• _What you are asked to do_
The required output is an exact restatement of the lines, starting with the one that contains "Точки \(\displaystyle M\)" and finishing with the last line of the listing. It contains no pictures.

• _Supplied material_
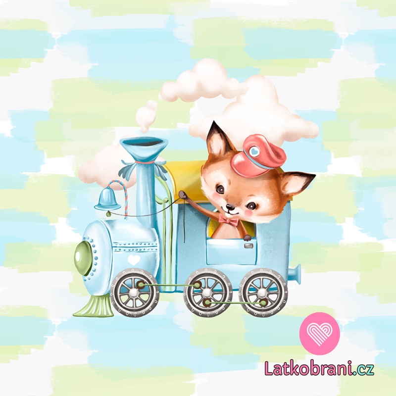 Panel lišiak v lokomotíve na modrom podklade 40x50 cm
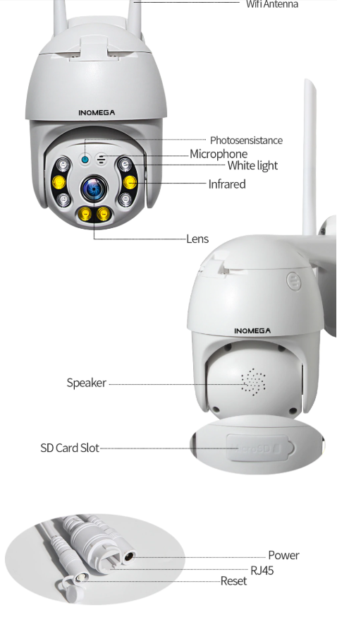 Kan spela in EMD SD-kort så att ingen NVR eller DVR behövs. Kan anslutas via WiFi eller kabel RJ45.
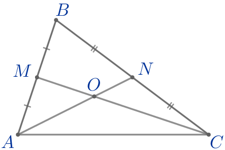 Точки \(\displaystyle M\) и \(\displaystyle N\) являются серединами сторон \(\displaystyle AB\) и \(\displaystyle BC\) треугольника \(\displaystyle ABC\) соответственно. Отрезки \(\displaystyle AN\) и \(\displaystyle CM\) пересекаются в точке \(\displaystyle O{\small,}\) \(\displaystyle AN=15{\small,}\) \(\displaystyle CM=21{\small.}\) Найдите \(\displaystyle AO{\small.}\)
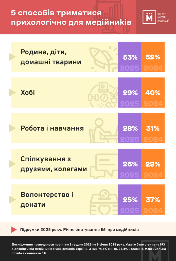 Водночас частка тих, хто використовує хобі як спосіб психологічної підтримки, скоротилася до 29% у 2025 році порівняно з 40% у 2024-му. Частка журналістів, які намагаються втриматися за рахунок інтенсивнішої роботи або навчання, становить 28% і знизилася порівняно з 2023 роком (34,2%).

• _Exercise response_
 Точки \(\displaystyle M\) и \(\displaystyle N\) являются серединами сторон \(\displaystyle AB\) и \(\displaystyle BC\) треугольника \(\displaystyle ABC\) соответственно. Отрезки \(\displaystyle AN\) и \(\displaystyle CM\) пересекаются в точке \(\displaystyle O{\small,}\) \(\displaystyle AN=15{\small,}\) \(\displaystyle CM=21{\small.}\) Найдите \(\displaystyle AO{\small.}\)
 Водночас частка тих, хто використовує хобі як спосіб психологічної підтримки, скоротилася до 29% у 2025 році порівняно з 40% у 2024-му. Частка журналістів, які намагаються втриматися за рахунок інтенсивнішої роботи або навчання, становить 28% і знизилася порівняно з 2023 роком (34,2%).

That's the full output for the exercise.